Otizmli bireylerin sağlık ve rehabilitasyon ihtiyaçlarını sağlamak için kurulan Otizm Vakfı, yaz kursuları otizmli çocukları, sporla ve güzel sanatlarla rehabilite ederek, sosyal hayata kazandırmaya çalışıyor.
Otizmli bireylerin sağlık ve rehabilitasyon ihtiyaçlarını sağlamak için kurulan Otizm Vakfı, yaz kursuları otizmli çocukları, sporla ve güzel sanatlarla rehabilite ederek, sosyal hayata kazandırmaya çalışıyor.

Yaz okulunda eğitim alan 13 otizmli çocuğa, yaşam becerileri kazandırmak için spor çalışmalarından resme, kil ve seramik çalışmalarına kadar pek çok alanda kurs veriliyor. Spor çalışmaları, Gazi Üniversitesi Spor Merkezi'nde, diğer etkinliklerle ilgili kurslar ise Başkent Üniversitesi Güzel Sanatlar Fakültesi'nde gerçekleştiriliyor.
Haftanın 5 günü devam eden kurslara çocukların ilgisi yoğun. Sosyal çevrenin içindeki kurslarda çocuklar, hem becerilerini geliştiriyor hem de hoşça vakit geçiriyor. Ailelerin yakından izlediği etkinlikler, uzman öğretmenler gözetiminde yürütülüyor. Çocuklarının her gün yeni bir şeyler öğrenmesi aileleri de mutlu ediyor.

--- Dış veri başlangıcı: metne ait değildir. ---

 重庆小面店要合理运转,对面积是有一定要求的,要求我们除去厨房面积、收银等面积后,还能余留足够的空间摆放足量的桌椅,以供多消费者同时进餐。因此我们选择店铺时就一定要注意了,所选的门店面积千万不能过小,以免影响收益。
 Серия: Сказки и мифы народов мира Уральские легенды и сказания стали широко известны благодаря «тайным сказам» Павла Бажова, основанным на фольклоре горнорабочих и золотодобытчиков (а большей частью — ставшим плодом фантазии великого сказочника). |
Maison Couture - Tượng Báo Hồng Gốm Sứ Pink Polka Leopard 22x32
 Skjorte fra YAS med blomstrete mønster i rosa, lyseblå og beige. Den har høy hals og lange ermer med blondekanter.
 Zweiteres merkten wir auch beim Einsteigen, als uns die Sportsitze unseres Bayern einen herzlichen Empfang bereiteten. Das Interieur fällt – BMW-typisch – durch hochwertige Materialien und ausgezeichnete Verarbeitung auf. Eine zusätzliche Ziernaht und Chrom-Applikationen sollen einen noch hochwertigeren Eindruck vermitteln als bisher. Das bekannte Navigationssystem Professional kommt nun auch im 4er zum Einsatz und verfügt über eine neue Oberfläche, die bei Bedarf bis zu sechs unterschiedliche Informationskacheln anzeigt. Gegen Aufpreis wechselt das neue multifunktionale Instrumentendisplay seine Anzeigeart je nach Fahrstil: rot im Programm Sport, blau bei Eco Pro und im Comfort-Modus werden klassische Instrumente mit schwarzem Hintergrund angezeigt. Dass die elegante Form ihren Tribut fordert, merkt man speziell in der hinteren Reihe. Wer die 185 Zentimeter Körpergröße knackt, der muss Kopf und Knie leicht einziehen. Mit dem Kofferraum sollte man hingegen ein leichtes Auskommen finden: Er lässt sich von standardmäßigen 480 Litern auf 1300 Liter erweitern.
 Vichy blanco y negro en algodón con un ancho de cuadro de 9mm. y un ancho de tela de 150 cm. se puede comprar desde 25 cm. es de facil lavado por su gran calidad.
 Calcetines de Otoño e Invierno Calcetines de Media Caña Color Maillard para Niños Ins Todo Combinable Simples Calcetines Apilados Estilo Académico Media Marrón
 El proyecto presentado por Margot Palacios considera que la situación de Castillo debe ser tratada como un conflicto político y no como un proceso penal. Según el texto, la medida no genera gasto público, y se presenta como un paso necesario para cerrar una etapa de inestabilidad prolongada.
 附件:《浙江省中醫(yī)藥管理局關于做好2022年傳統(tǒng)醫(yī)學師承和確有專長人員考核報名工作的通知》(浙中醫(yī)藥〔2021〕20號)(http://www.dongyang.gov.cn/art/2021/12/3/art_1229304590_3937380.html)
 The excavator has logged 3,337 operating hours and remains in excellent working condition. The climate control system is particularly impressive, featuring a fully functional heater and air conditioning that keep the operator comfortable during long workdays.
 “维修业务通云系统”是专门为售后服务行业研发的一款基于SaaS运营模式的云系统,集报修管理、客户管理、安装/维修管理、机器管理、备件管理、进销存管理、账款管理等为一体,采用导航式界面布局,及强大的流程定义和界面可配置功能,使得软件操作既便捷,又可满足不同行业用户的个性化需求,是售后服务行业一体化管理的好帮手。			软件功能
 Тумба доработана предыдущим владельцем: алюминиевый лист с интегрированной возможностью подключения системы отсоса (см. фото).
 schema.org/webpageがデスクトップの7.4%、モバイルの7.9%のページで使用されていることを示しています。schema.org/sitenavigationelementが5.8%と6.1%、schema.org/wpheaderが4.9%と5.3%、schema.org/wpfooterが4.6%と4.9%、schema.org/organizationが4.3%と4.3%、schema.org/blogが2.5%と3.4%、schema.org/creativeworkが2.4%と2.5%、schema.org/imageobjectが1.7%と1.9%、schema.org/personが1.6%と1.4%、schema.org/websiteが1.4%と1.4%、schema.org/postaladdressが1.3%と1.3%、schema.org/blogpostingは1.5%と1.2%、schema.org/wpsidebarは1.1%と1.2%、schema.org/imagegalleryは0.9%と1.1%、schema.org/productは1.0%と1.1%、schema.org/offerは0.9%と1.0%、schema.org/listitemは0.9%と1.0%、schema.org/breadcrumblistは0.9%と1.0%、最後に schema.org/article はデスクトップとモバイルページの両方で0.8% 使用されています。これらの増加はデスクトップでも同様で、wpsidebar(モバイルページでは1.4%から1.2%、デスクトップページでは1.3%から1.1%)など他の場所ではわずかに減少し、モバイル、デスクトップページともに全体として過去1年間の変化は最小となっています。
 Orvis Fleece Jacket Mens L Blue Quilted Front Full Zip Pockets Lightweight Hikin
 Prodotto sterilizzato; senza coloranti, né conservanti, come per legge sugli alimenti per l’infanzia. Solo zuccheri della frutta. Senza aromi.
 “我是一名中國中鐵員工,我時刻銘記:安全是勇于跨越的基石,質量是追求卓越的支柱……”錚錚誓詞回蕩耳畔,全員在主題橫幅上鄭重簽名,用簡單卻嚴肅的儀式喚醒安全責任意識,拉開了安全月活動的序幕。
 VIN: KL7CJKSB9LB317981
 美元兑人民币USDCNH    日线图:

OTİZM VAKFI BAŞKAN YARDIMCISI CENGİZHAN SONEREN
Otizm Vakfı Başkan Yardımcısı Cengizhan Soneren, “Amacımız otizmli çocukları topluma kazandırmak, sosyalleştirmek. Biz de bireyiz, toplumun kabul gören bir bireyiyiz. Eğer toplum bizim gibi bireyleri tanır ve kabul ederse başta bizim evlatlarımız ve aileler bütün sosyal ortamlarda rahat edeceğiz. O yüzden sosyal bir çevre içinde yapıyoruz bunu. Şu anda havuzu kullanıyoruz. Bizim çocuklarımızla diğer bireyler iç içe, hem kaynaştırma oluyor, hem de bizim çocuklarımız normal bireyleri model alarak birlikte hareket ediyorlar, böyle bir özelliği var” diye konuştu.
Çocukların günlük yaşamlarını anlamlı bir şekilde doldurmak istediklerine dikkati çeken Soneren,”Programımız yemekle başlıyor. Bundaki amacımız bir takım yaşam becerilerini öğrensinler. Yemekten sonra bir öz bakım ve dinlenme... Ufak bir yürüyüşten sonra esas çalışmalar başlıyor. Üç gruba ayrılan çocuklar, salon, tartan pistte yürüyüş ve fitness çalışmaları uyguluyor. Daha sonra da çocuklar havuza girerek yüzüyorlar. Sadece burası değil. Başkent Üniversitesi Güzel Sanatlar Fakültesi'ne gidip seramik ve resim çalışmaları yapıyorlar” ifadesini kullandı.
Soneren, yaz okulunun çocuklar üzerinde gözle görülür önemli bir etkisinin olduğuna vurgu yaparak, toplumla kaynaşma sağlandığını, çocukların diğer bireylerle yaptığı çalışmalarda davranış problemleri sergilemediğini söyledi.